In [6]:
#!pip install spacy
#!python -m spacy download en_core_web_sm

## Linguistic annotations

In [1]:
import spacy

spacy.prefer_gpu()

# LOADING PIPELINES
nlp = spacy.load("en_core_web_sm")


# Linguistic annotations
doc = nlp("Apple is looking at buying U.K. startup for $1 billion")
for token in doc:
    print(token.text, token.pos_, token.dep_)


Apple PROPN nsubj
is AUX aux
looking VERB ROOT
at ADP prep
buying VERB pcomp
U.K. PROPN dobj
startup NOUN dep
for ADP prep
$ SYM quantmod
1 NUM compound
billion NUM pobj


## Tokenization
During processing, spaCy first tokenizes the text, i.e. segments it into words, punctuation and so on. This is done by applying rules specific to each language. For example, punctuation at the end of a sentence should be split off – whereas “U.K.” should remain one token. Each Doc consists of individual tokens, and we can iterate over them:

In [2]:
import spacy

nlp = spacy.load("en_core_web_sm")
doc = nlp("Apple is looking at buying U.K. startup for $1 billion")
for token in doc:
    print(token.text)


Apple
is
looking
at
buying
U.K.
startup
for
$
1
billion


## Part-of-speech tags and dependencies 

After tokenization, spaCy can parse and tag a given Doc. This is where the trained pipeline and its statistical models come in, which enable spaCy to make predictions of which tag or label most likely applies in this context. A trained component includes binary data that is produced by showing a system enough examples for it to make predictions that generalize across the language – for example, a word following “the” in English is most likely a noun.

Linguistic annotations are available as Token attributes. Like many NLP libraries, spaCy encodes all strings to hash values to reduce memory usage and improve efficiency. So to get the readable string representation of an attribute, we need to add an underscore _ to its name:



In [7]:
import spacy

nlp = spacy.load("en_core_web_sm")
doc = nlp("Apple is looking at buying U.K. startup for $1 billion")

for token in doc:
    print(token.text, token.lemma_, token.pos_, token.tag_, token.dep_,
            token.shape_, token.is_alpha, token.is_stop)

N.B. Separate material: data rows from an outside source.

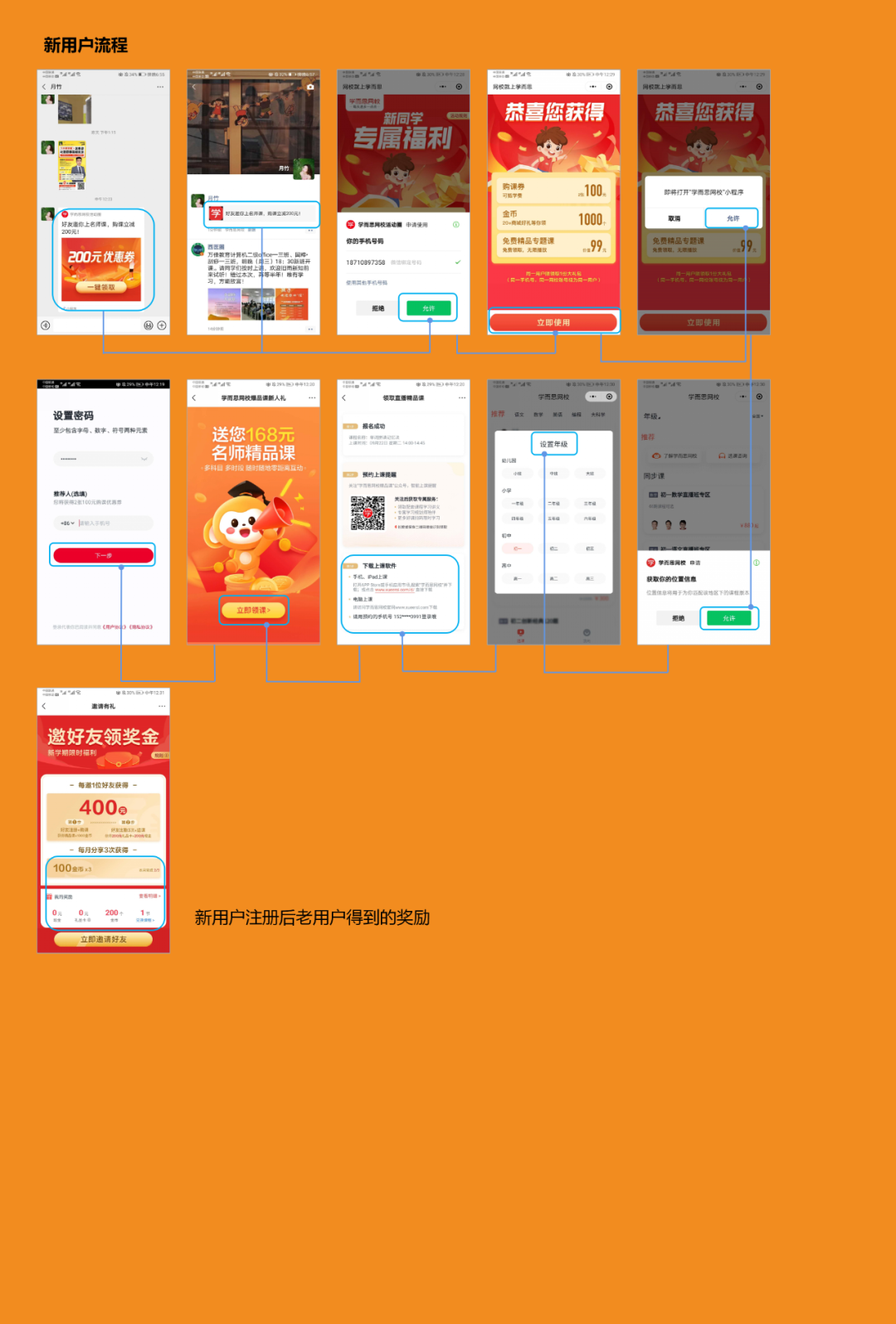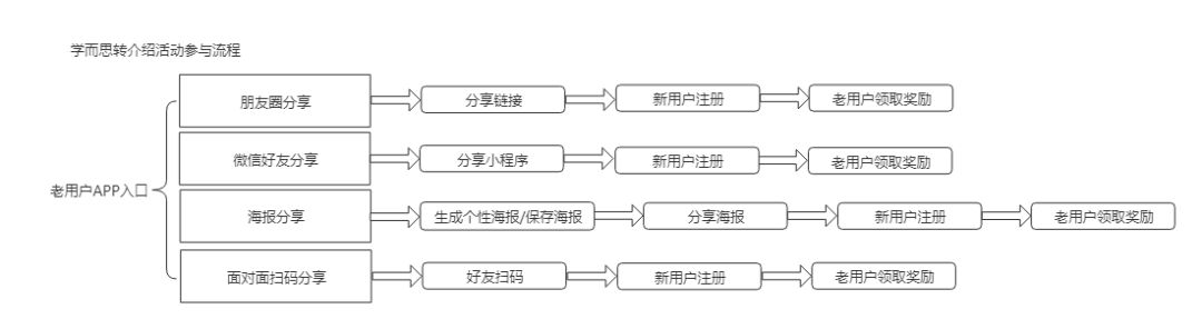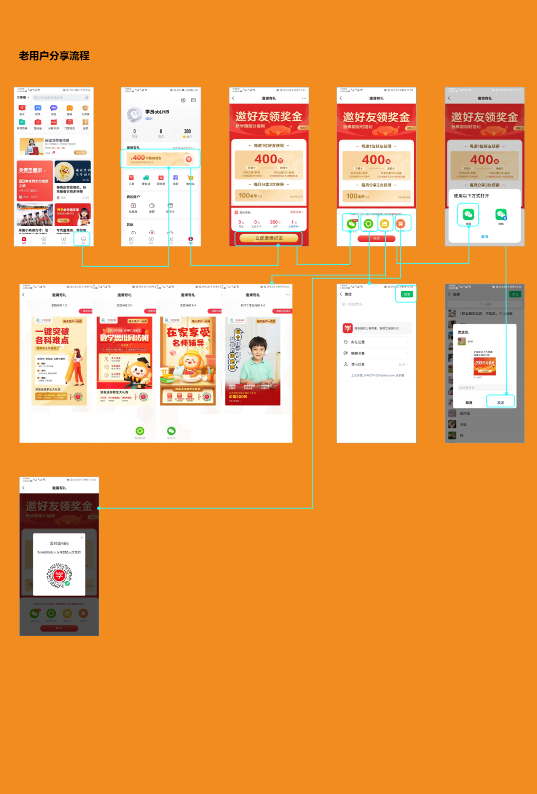 ②、用户旅程图:老用户在APP看到活动宣传,400元奖励,课程奖励等诱惑刺激用户愿意去分享。分享过程中用方便、丰富的设计流程留存住客户。邀请方式,可设置个性化专属海报,奖励进度、方式多样化。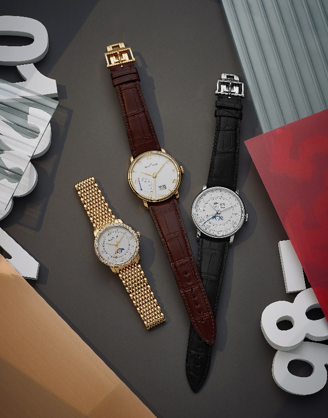 三枚外型相近、功能不同的宝珀 Villeret经典系列腕表并驾齐驱,宝珀的签名式美学元素跃然眼前:双层表圈、浮雕式罗马刻度、镂空柳叶指针、蓝钢蛇形指针,恰到好处地组合搭配,繁而不杂。两地时全历月相腕表是跨时区商务人士理想的出行伴侣;而拥有嘴角带有美人痣、神秘微笑的月亮美人腕表,是当代独立女性的浪漫选择。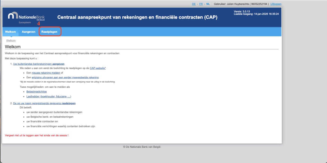 (4) Klik op het derde tabblad: “Raadplegen”.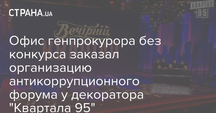 Офис генпрокурора без конкурса заказал услуги по организации Международного антикоррупционного форума у предпринимателя Виталия Олийника, который был зарегистрирован 3 месяца назад, а раньше работал с "Кварталом 95".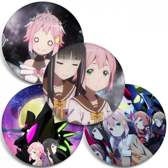 Несколько видов значков с персонажами вселенной Гранбелм.
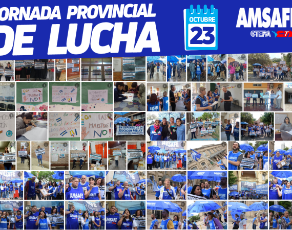 Este 23/10 en el marco de la Resolución de la Asamblea Provincial de AMSAFE, que definió rechazar la propuesta paritaria y realizar jornadas de protesta,...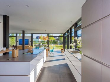 In the open living area, which includes the kitchen, the dining room and the living room, the floor-depth glazing gives the rooms an unusually deep appearance.

Apple Apple PROPN NNP nsubj Xxxxx True False
is be AUX VBZ aux xx True True
looking look VERB VBG ROOT xxxx True False
at at ADP IN prep xx True True
buying buy VERB VBG pcomp xxxx True False
U.K. U.K. PROPN NNP dobj X.X. False False
startup startup NOUN NN dep xxxx True False
for for ADP IN prep xxx True True
$ $ SYM $ quantmod $ False False
1 1 NUM CD compound d False False
billion billion NUM CD pobj xxxx True False


Using spaCy’s built-in displaCy visualizer, here’s what our example sentence and its dependencies look like:

In [9]:
import spacy
from spacy import displacy

nlp = spacy.load("en_core_web_sm")
doc = nlp("Apple is looking at buying U.K. startup for $1 billion")
#displacy.serve(doc, style="dep")

In [10]:
# Choose an available port number (e.g., 8080)
port = 8081
displacy.serve(doc, style="dep", port=port)

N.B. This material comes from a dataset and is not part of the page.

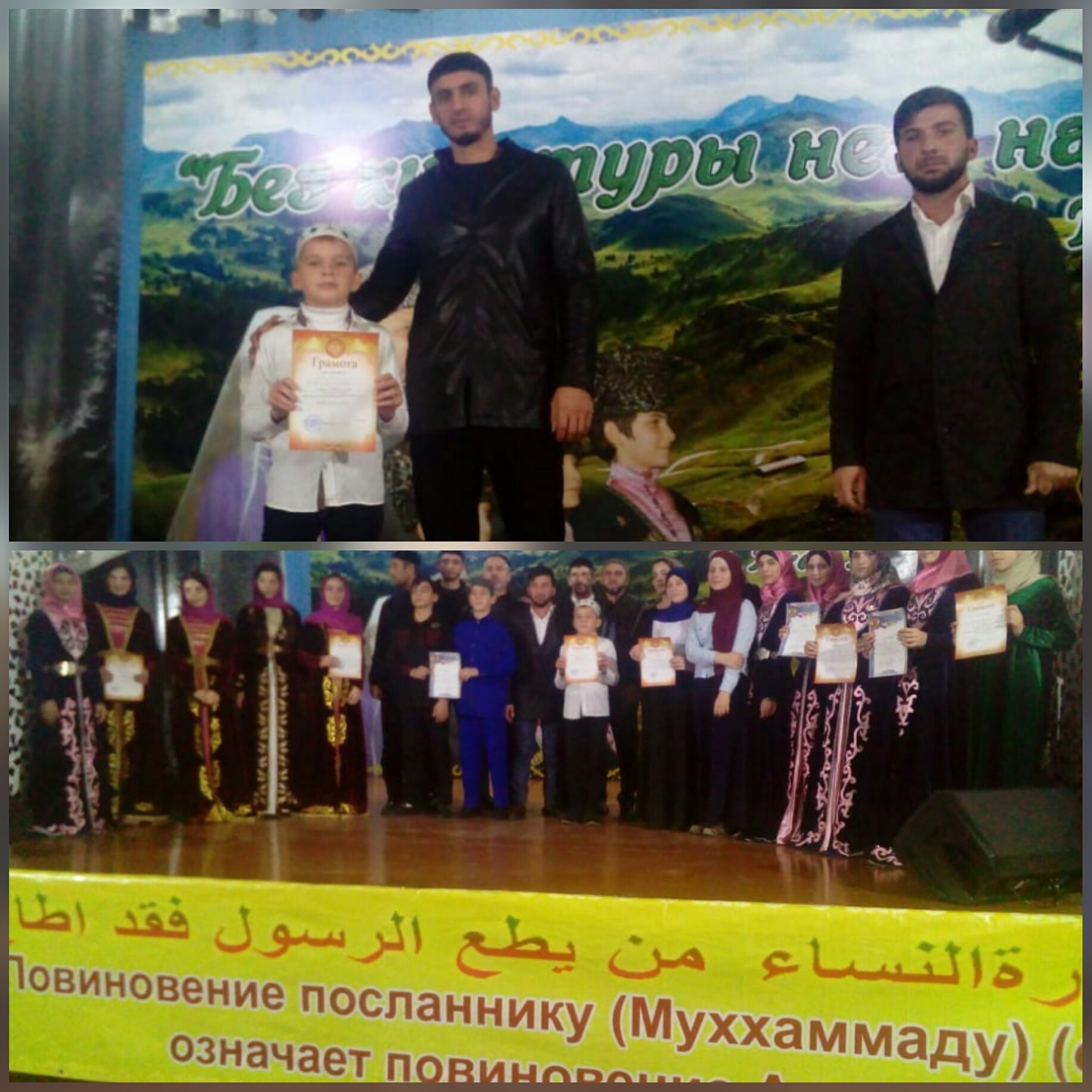 19 ноября Ахмадов Иса, ученик 6 класса принял участие в районном конкурсе нашидов "Милость для миров!, посвященном Дню рождения Пророка Мухаммада (С.А.С.) и занял 1 место.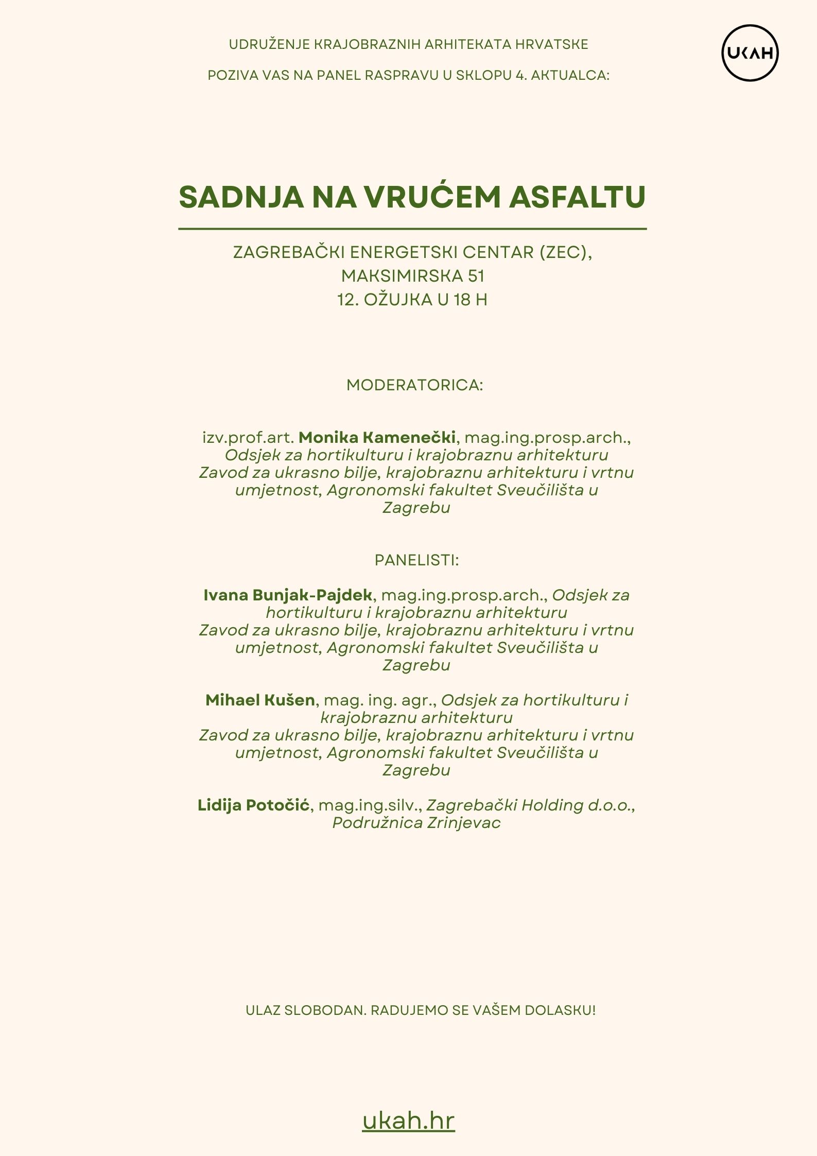 Moderatorica: izv.prof.art. Monika Kamenečki, mag.ing.prosp.arch. – Agronomski fakultet Sveučilišta u Zagrebu

Using the 'dep' visualizer
Serving on http://0.0.0.0:8081 ...



127.0.0.1 - - [17/Jun/2024 09:59:34] "GET / HTTP/1.1" 200 9242
127.0.0.1 - - [17/Jun/2024 09:59:35] "GET /favicon.ico HTTP/1.1" 200 9242


Shutting down server on port 8081.


In [12]:
port = 8081
options = {"compact": True, "bg": "#09a3d5",
           "color": "white", "font": "Source Sans Pro"}
displacy.serve(doc, style="dep", port=port, options=options)


Using the 'dep' visualizer
Serving on http://0.0.0.0:8081 ...



127.0.0.1 - - [17/Jun/2024 10:02:35] "GET / HTTP/1.1" 200 9241
127.0.0.1 - - [17/Jun/2024 10:02:35] "GET /favicon.ico HTTP/1.1" 200 9241


Shutting down server on port 8081.


## Named Entities 

A named entity is a “real-world object” that’s assigned a name – for example, a person, a country, a product or a book title. spaCy can recognize various types of named entities in a document, by asking the model for a prediction. Because models are statistical and strongly depend on the examples they were trained on, this doesn’t always work perfectly and might need some tuning later, depending on your use case.

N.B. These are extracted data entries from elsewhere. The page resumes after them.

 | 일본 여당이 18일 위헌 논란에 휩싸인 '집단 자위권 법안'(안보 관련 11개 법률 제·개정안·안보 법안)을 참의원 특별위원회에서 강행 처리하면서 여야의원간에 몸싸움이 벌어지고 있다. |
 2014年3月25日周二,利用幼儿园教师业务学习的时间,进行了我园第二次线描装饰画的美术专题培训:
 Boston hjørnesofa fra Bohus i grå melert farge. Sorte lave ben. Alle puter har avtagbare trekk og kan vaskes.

Named entities are available as the ents property of a Doc:

In [11]:
import spacy

nlp = spacy.load("en_core_web_sm")
doc = nlp("Apple is looking at buying U.K. startup for $1 billion")

for ent in doc.ents:
    print(ent.text, ent.start_char, ent.end_char, ent.label_)

Apple 0 5 ORG
U.K. 27 31 GPE
$1 billion 44 54 MONEY


In [14]:
import spacy
from spacy import displacy

text = "Apple is looking at buying U.K. startup for $1 billion"

nlp = spacy.load("en_core_web_sm")
doc = nlp(text)

displacy.serve(doc, style="ent", port=port)


Using the 'ent' visualizer
Serving on http://0.0.0.0:8081 ...



127.0.0.1 - - [17/Jun/2024 10:04:49] "GET / HTTP/1.1" 200 1378


Shutting down server on port 8081.


In [15]:
port=8081
colors = {"ORG": "linear-gradient(90deg, #aa9cfc, #fc9ce7)"}
options = {"ents": ["ORG"], "colors": colors}
displacy.serve(doc, style="ent", port=port, options=options)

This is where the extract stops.